## TASK STATEMENT
The answer should hold only the lines from the one containing "克努佩尔的队友布兰登-米勒谈" through the one containing "Things didn’t start" in the entries below, copied exactly, without pictures.

## RECORDS SUPPLIED
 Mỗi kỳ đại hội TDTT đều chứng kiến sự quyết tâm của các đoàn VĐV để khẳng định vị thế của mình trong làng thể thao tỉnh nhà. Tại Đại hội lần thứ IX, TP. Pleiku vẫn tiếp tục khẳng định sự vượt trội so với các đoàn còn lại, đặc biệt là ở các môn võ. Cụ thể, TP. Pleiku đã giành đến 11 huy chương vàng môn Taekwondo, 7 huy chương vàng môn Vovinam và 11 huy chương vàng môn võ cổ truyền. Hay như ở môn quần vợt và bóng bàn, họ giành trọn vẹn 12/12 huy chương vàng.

* * *

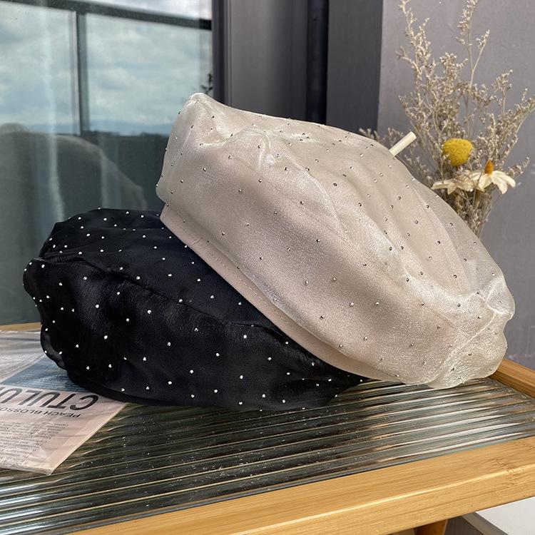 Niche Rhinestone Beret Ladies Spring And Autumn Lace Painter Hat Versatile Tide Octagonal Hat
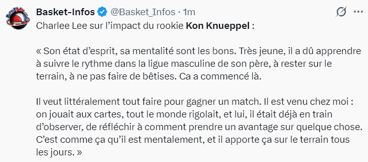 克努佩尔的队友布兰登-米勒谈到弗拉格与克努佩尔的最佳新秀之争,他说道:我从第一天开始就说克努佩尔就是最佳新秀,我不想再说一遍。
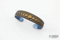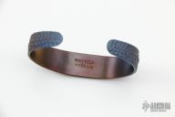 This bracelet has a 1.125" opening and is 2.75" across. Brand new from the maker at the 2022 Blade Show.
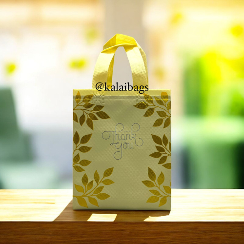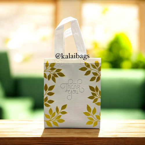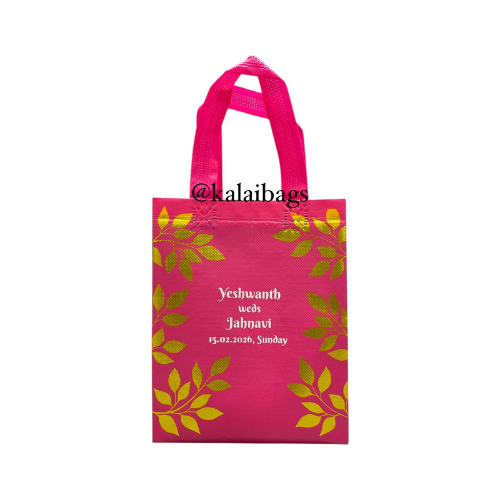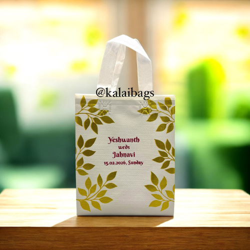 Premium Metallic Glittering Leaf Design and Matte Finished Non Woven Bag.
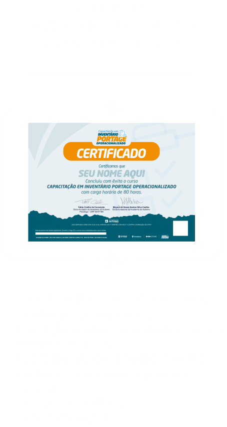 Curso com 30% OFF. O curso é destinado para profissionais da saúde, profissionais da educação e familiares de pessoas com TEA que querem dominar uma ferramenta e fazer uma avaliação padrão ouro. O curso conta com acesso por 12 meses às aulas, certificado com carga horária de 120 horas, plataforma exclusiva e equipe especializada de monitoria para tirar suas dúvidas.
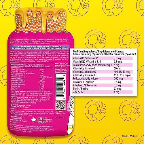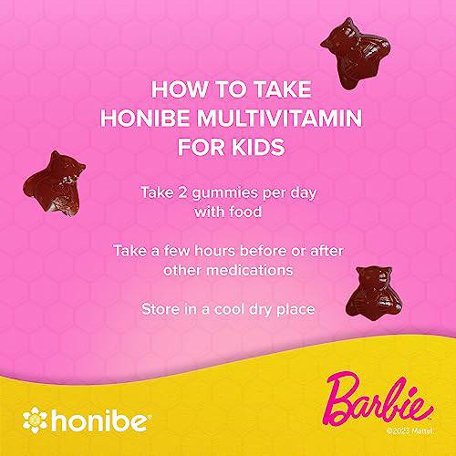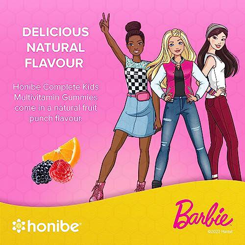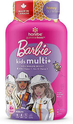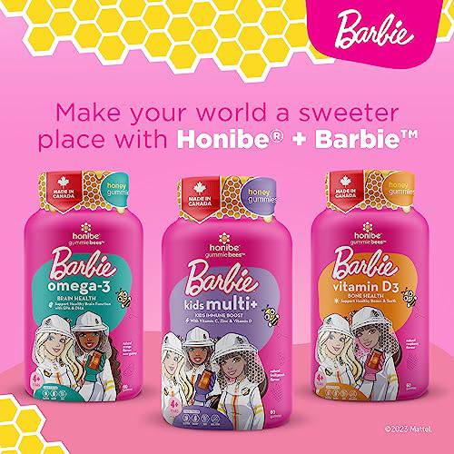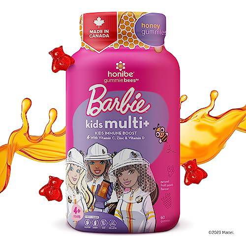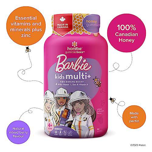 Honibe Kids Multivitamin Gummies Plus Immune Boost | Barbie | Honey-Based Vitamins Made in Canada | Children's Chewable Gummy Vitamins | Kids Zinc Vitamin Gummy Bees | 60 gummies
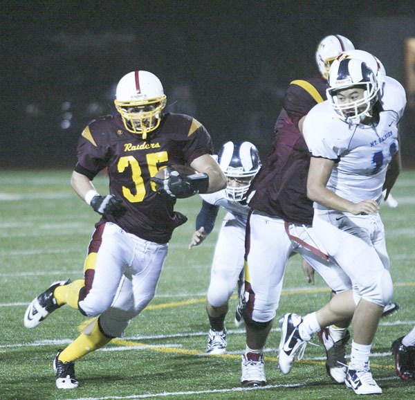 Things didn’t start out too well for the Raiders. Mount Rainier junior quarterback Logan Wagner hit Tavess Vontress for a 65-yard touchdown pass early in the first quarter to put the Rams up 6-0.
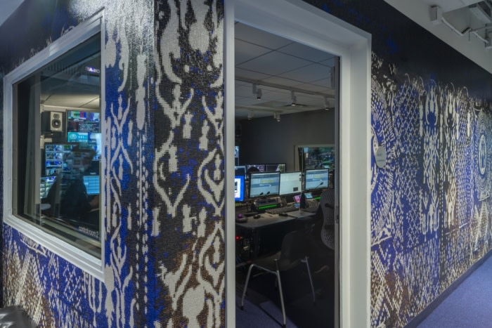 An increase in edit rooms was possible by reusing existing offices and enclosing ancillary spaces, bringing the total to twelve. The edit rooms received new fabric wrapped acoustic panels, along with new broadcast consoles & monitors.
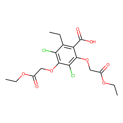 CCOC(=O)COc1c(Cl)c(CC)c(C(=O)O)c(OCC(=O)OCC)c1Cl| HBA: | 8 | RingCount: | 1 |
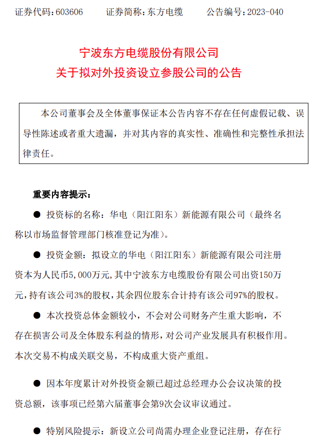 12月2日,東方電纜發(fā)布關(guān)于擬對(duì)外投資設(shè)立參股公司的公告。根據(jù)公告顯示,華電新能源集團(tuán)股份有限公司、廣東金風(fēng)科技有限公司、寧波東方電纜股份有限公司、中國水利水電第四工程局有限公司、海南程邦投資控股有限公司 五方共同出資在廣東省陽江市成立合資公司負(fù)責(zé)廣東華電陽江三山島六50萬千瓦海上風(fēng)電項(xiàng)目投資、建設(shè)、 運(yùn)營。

## EXERCISE RESPONSE
 克努佩尔的队友布兰登-米勒谈到弗拉格与克努佩尔的最佳新秀之争,他说道:我从第一天开始就说克努佩尔就是最佳新秀,我不想再说一遍。
 This bracelet has a 1.125" opening and is 2.75" across. Brand new from the maker at the 2022 Blade Show.
 Premium Metallic Glittering Leaf Design and Matte Finished Non Woven Bag.
 Curso com 30% OFF. O curso é destinado para profissionais da saúde, profissionais da educação e familiares de pessoas com TEA que querem dominar uma ferramenta e fazer uma avaliação padrão ouro. O curso conta com acesso por 12 meses às aulas, certificado com carga horária de 120 horas, plataforma exclusiva e equipe especializada de monitoria para tirar suas dúvidas.
 Honibe Kids Multivitamin Gummies Plus Immune Boost | Barbie | Honey-Based Vitamins Made in Canada | Children's Chewable Gummy Vitamins | Kids Zinc Vitamin Gummy Bees | 60 gummies
 Things didn’t start out too well for the Raiders. Mount Rainier junior quarterback Logan Wagner hit Tavess Vontress for a 65-yard touchdown pass early in the first quarter to put the Rams up 6-0.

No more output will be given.